What you have to do: Below are some records. Write out exactly their lines from the one with "Keep track of" through the one with "Станочная. Тут речь", and leave the pictures behind.

** Records for the task follows **

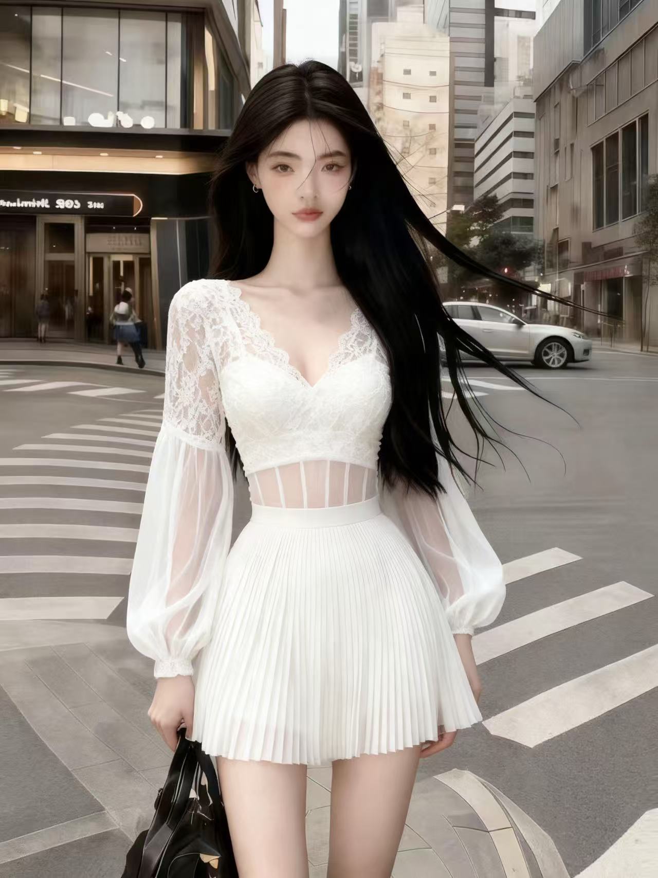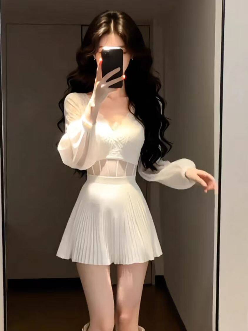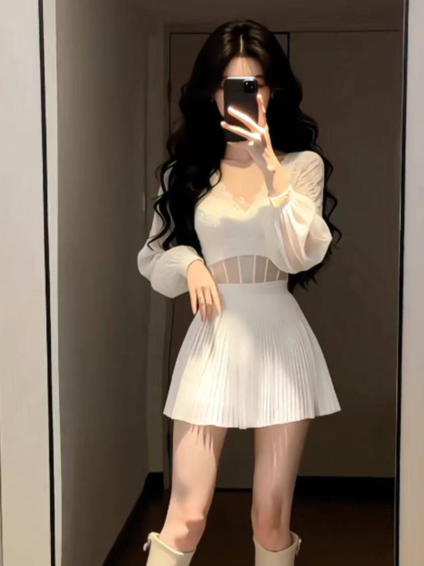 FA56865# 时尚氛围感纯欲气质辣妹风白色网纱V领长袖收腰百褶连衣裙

** End of Records for the task **
** Records for the task follows **

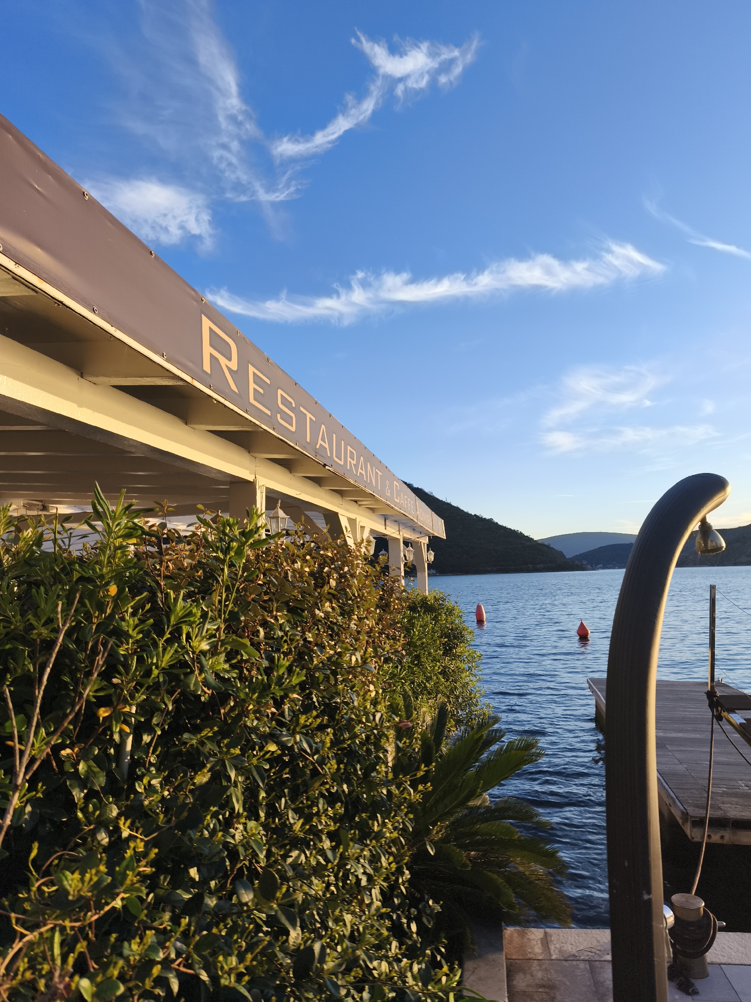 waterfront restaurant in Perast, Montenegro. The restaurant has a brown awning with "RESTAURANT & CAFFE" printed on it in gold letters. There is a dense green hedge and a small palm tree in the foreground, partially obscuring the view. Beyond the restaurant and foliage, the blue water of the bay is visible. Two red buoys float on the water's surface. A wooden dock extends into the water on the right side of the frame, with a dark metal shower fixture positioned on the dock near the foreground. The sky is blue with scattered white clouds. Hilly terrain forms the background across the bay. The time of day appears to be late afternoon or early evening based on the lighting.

** End of Records for the task **
** Records for the task follows **

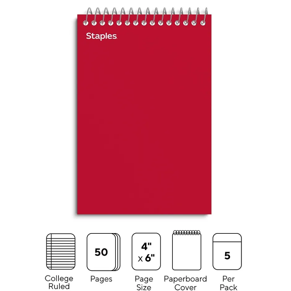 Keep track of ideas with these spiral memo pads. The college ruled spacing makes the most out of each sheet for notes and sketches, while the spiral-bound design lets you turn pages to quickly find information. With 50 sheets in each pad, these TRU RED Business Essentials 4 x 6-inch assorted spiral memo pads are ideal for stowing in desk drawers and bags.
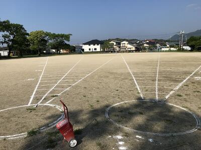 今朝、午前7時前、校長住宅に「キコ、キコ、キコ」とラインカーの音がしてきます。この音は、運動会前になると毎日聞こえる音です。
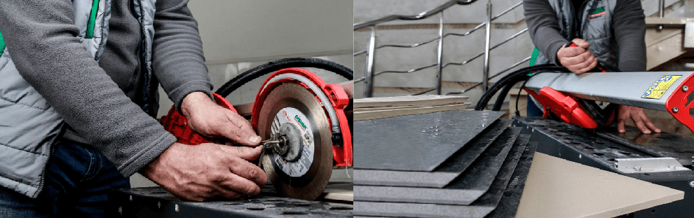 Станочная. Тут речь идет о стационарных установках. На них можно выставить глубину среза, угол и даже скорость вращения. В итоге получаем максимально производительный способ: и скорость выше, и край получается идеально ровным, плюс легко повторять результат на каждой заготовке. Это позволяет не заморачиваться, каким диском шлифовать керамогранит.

** End of Records for the task **

Solution for this task:
 Keep track of ideas with these spiral memo pads. The college ruled spacing makes the most out of each sheet for notes and sketches, while the spiral-bound design lets you turn pages to quickly find information. With 50 sheets in each pad, these TRU RED Business Essentials 4 x 6-inch assorted spiral memo pads are ideal for stowing in desk drawers and bags.
 今朝、午前7時前、校長住宅に「キコ、キコ、キコ」とラインカーの音がしてきます。この音は、運動会前になると毎日聞こえる音です。
 Станочная. Тут речь идет о стационарных установках. На них можно выставить глубину среза, угол и даже скорость вращения. В итоге получаем максимально производительный способ: и скорость выше, и край получается идеально ровным, плюс легко повторять результат на каждой заготовке. Это позволяет не заморачиваться, каким диском шлифовать керамогранит.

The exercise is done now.